Вдруг дверь распахнулась, и в горницу вошел Мюнан, сын Борда.
– Последним пришел сам великий бык! – закричал Эрленд, смеясь, вскочил на ноги и пошел навстречу гостю.
– Помоги нам всем Господи и святая Мария-Дева!.. Я вижу, тебе и горя мало, Эрленд! – сказал сердито Мюнан.
– А ты думаешь, поможет теперь хныкать да печалиться, родич?
– Никогда не видел я никого тебе подобного… Все свое благосостояние ты погубил…
– Знаешь, я никогда таким не был, чтобы идти в ад с голым задом, лишь бы штаны не попалить! – сказал Эрленд.
Кристин засмеялась тихо и шаловливо.
Симон положил голову на стол, обхватив ее руками: пусть их думают, что он уже так пьян, что совсем спит… Ему хотелось, чтобы его оставили в покое, чтобы забыли о самом его существовании.

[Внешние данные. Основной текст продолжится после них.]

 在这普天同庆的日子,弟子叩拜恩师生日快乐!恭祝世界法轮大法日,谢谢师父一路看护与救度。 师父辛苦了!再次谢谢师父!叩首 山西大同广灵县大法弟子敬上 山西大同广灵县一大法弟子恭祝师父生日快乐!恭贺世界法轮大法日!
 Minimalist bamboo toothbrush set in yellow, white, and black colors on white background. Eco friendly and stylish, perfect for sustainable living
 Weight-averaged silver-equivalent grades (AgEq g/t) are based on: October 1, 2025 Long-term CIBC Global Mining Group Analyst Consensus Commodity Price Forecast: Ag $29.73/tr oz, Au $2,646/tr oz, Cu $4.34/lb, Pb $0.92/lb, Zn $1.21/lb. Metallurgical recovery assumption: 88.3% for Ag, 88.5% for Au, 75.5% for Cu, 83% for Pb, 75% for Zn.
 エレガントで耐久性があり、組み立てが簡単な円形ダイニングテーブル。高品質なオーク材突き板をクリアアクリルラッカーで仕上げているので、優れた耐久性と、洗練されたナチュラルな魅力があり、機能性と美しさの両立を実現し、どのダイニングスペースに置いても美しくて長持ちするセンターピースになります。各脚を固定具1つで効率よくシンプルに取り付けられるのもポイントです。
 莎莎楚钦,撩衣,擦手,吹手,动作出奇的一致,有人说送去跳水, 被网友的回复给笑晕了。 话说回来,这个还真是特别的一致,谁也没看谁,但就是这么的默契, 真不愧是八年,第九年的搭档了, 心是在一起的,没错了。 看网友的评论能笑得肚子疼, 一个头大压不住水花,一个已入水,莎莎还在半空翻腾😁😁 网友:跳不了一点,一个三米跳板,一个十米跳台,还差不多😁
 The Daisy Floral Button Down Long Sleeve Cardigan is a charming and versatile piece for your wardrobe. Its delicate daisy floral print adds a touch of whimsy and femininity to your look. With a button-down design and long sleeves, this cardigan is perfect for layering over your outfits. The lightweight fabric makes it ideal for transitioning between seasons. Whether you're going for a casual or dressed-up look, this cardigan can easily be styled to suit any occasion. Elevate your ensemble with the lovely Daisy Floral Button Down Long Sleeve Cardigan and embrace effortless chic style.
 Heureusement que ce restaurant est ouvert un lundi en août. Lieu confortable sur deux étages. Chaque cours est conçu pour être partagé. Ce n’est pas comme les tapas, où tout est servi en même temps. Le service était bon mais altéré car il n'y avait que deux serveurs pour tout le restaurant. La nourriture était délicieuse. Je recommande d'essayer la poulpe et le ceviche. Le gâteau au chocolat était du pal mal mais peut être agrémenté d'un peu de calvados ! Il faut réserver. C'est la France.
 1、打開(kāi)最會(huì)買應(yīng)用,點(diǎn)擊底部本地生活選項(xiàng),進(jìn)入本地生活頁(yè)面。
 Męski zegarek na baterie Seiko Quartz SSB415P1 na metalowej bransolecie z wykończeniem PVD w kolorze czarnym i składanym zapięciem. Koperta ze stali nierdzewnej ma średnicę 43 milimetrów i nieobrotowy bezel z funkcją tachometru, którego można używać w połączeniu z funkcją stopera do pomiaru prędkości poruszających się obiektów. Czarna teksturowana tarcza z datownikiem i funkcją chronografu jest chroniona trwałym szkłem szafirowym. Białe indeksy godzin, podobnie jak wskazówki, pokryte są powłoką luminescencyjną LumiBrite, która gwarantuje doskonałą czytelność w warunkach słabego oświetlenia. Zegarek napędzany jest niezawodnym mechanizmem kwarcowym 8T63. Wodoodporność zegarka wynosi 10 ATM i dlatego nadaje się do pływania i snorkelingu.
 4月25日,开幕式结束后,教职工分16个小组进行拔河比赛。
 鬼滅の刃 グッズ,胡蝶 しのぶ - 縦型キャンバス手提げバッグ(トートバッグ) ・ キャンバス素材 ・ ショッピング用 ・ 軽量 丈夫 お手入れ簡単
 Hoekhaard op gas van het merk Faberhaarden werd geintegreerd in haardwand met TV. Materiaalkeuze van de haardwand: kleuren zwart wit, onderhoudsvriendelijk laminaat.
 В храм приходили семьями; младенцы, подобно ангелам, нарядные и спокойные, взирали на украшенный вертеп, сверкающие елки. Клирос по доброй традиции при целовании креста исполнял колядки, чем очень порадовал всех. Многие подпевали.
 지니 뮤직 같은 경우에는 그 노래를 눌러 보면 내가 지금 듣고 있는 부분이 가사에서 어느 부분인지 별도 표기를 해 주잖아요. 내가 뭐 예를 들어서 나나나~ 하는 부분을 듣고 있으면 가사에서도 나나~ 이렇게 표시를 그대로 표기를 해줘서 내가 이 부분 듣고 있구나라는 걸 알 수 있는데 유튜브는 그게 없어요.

Все было так, как он ожидал, – во всяком случае, как он должен был ожидать. И она тоже. Вот она сидит здесь, единственная женщина среди всех этих мужчин, такая же нежная, скромная, безбоязненная, уверенная. Такой она была и в тот раз… когда обманула его… бесстыжая или безвинная, он и сам не знал. Да нет, неправда, не такой уж была она уверенной, не была она бесстыжей… не была спокойной, хоть и был у нее спокойный вид… Но этот человек околдовал ее – ради Эрленда она с радостью пойдет и по раскаленным каменьям… А на него, Симона, она наступила, словно для нее он всего лишь холодный бесчувственный камень…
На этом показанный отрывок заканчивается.